*Exercise materials:*

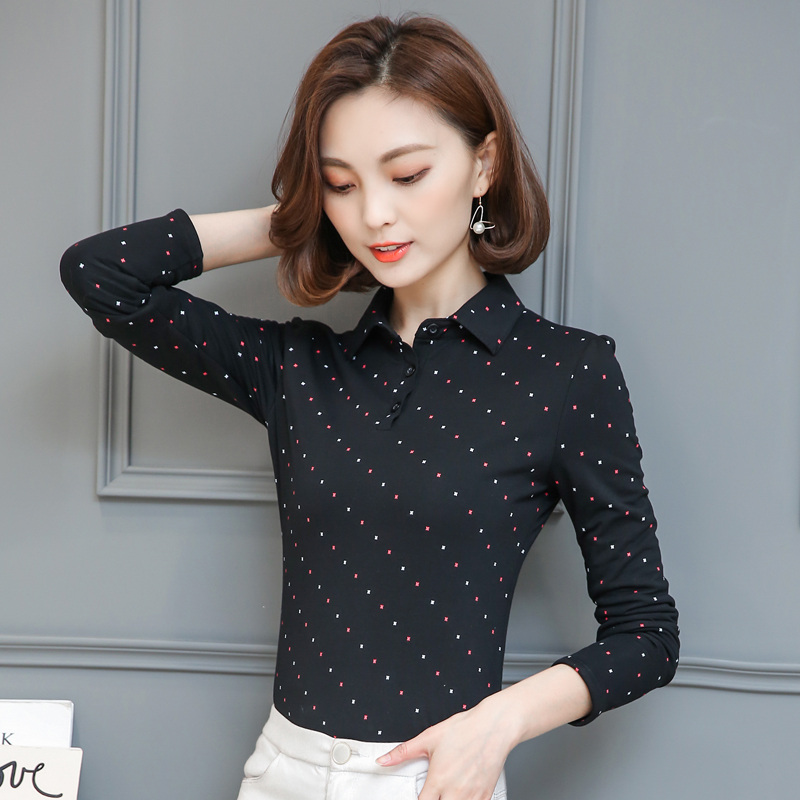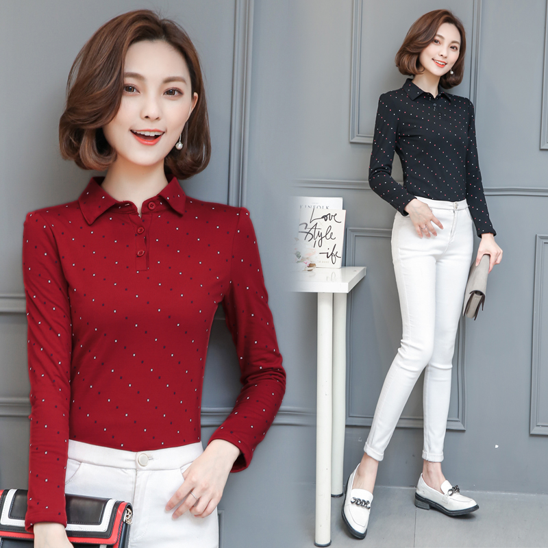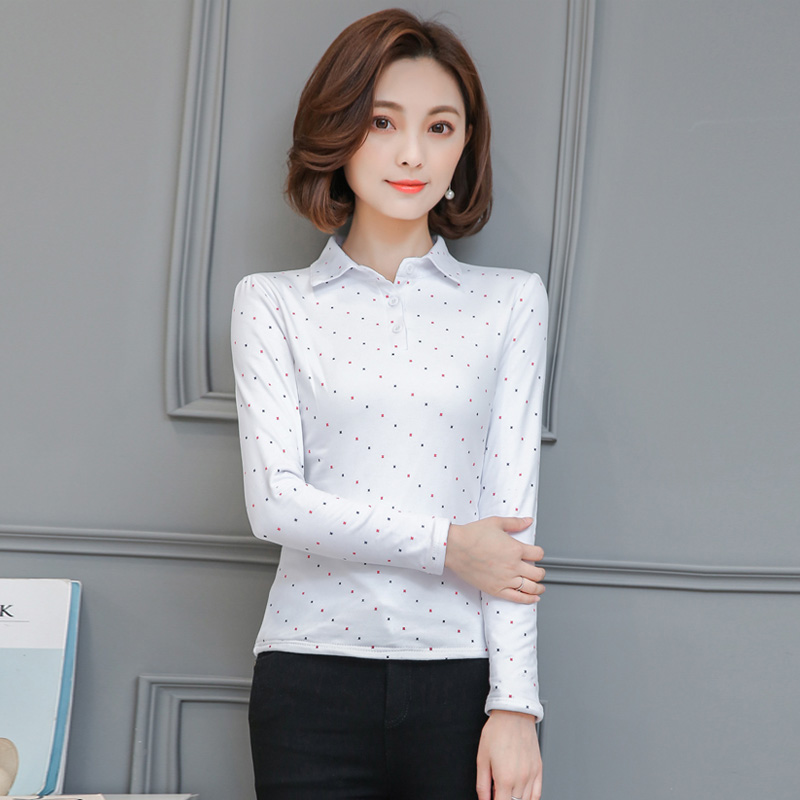 大碼翻領有領秋冬打底衫女加絨帶領修身顯瘦長袖t恤保暖上衣外穿
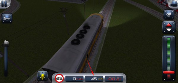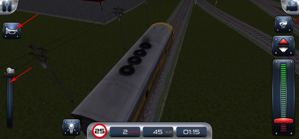 7、右侧从上至下分别为:视角切换、铃铛、前进/后退档位、以及控制列车行驶的核心档把;
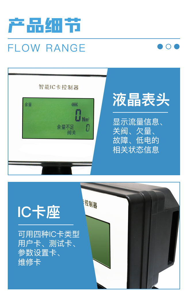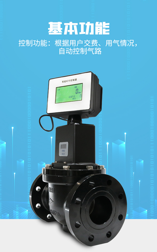 本控制器由新型微功耗電動燃氣閥門和IC卡收費系統組成。可配接具有遠傳功能的流量計(渦輪、旋進漩渦、腰輪、工業膜式表)等,實現預付費和流量控制的功能。
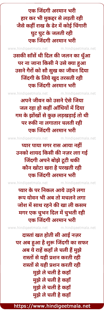 Lyrics of Ek Zindagi Armaan Bhari - एक जिंदगी अरमान भरी
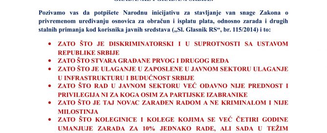 На основу одлуке Извршног одбора ГСПРС НЕЗАВИСНОСТ донете на састанку одржаном 05.07.2018. године, позивамо вас на заједнички састанак у просторијама ГСПРС НЕЗАВИСНОСТ 10.07.2018. године у 11 сати. Главне теме састанка усмерене су на заједничке ставове и активности у оквиру Закона о платама запослених у јавним службама, Закона о штрајку, Закона о запосленим у јавним службама …
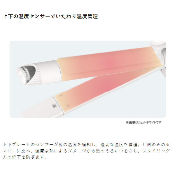 上下プレートのセンサーが髪の温度を検知し、適切な温度を管理。片面のみのセンサーに比べ、過度な熱によるダメージから髪のうるおいを守り、スタイリング力の低下を防ぎます。
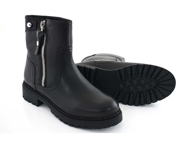 Тёплые женские кожаные ботинки на шерсти. Обувь на змейке и прорезиненной подошве, зимняя, в черном цвете.
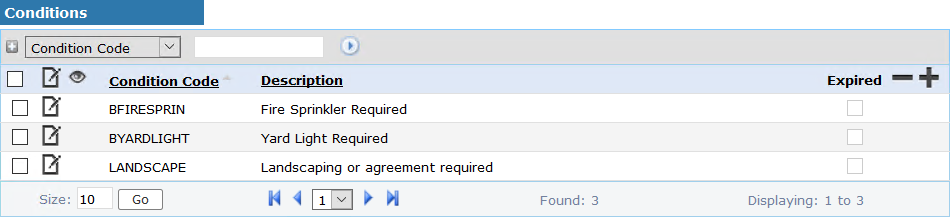 Conditions are requirements or restrictions, separate from the normal workflow, which must be met before a permit may be issued, an inspection passed, or a case closed. Some conditions may halt the progression of the case until they are met or resolved. From here, you may add, edit, or remove conditions as needed.
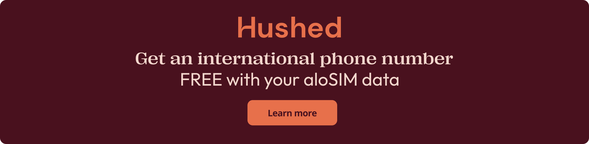 Get a free travel number (international calling and texting): If you’re going to be using an eSIM (downloadable SIM card) for data on your trip, buy your data package from aloSIM and you’ll get a free phone number from our sister app, Hushed. Choose any number from the available Canada and United States area codes, and it will be a fully international phone plan that can call or text anywhere in the world. The phone package will last as long as your data package.
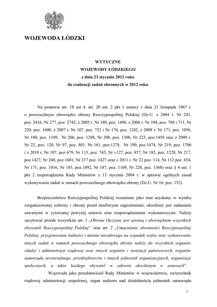 Wytyczne Wojewody Łódzkiego z dnia 23 stycznia 2012 r. do
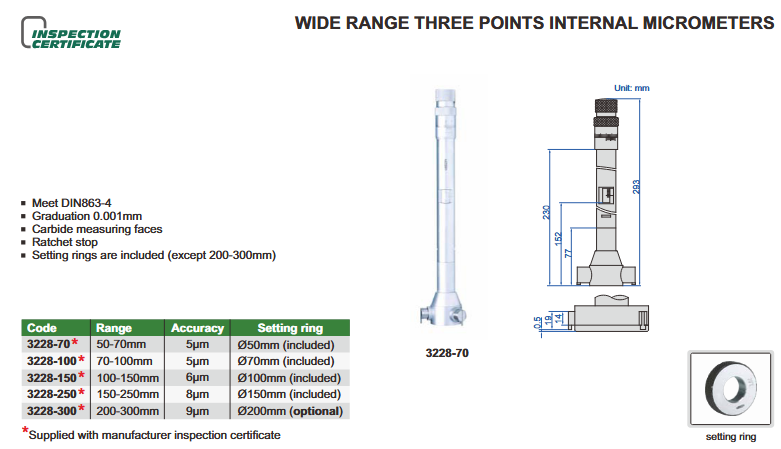 Štapni mikrometar za unutarnje mjerenje u 3 točke, 50-70 mm, Insize

*What the task requires:*
For this exercise, copy each line of the data above exactly, from the first through the line containing "Conditions are requirements", and drop the pictures.

*Task response:*
 大碼翻領有領秋冬打底衫女加絨帶領修身顯瘦長袖t恤保暖上衣外穿
 7、右侧从上至下分别为:视角切换、铃铛、前进/后退档位、以及控制列车行驶的核心档把;
 本控制器由新型微功耗電動燃氣閥門和IC卡收費系統組成。可配接具有遠傳功能的流量計(渦輪、旋進漩渦、腰輪、工業膜式表)等,實現預付費和流量控制的功能。
 Lyrics of Ek Zindagi Armaan Bhari - एक जिंदगी अरमान भरी
 На основу одлуке Извршног одбора ГСПРС НЕЗАВИСНОСТ донете на састанку одржаном 05.07.2018. године, позивамо вас на заједнички састанак у просторијама ГСПРС НЕЗАВИСНОСТ 10.07.2018. године у 11 сати. Главне теме састанка усмерене су на заједничке ставове и активности у оквиру Закона о платама запослених у јавним службама, Закона о штрајку, Закона о запосленим у јавним службама …
 上下プレートのセンサーが髪の温度を検知し、適切な温度を管理。片面のみのセンサーに比べ、過度な熱によるダメージから髪のうるおいを守り、スタイリング力の低下を防ぎます。
 Тёплые женские кожаные ботинки на шерсти. Обувь на змейке и прорезиненной подошве, зимняя, в черном цвете.
 Conditions are requirements or restrictions, separate from the normal workflow, which must be met before a permit may be issued, an inspection passed, or a case closed. Some conditions may halt the progression of the case until they are met or resolved. From here, you may add, edit, or remove conditions as needed.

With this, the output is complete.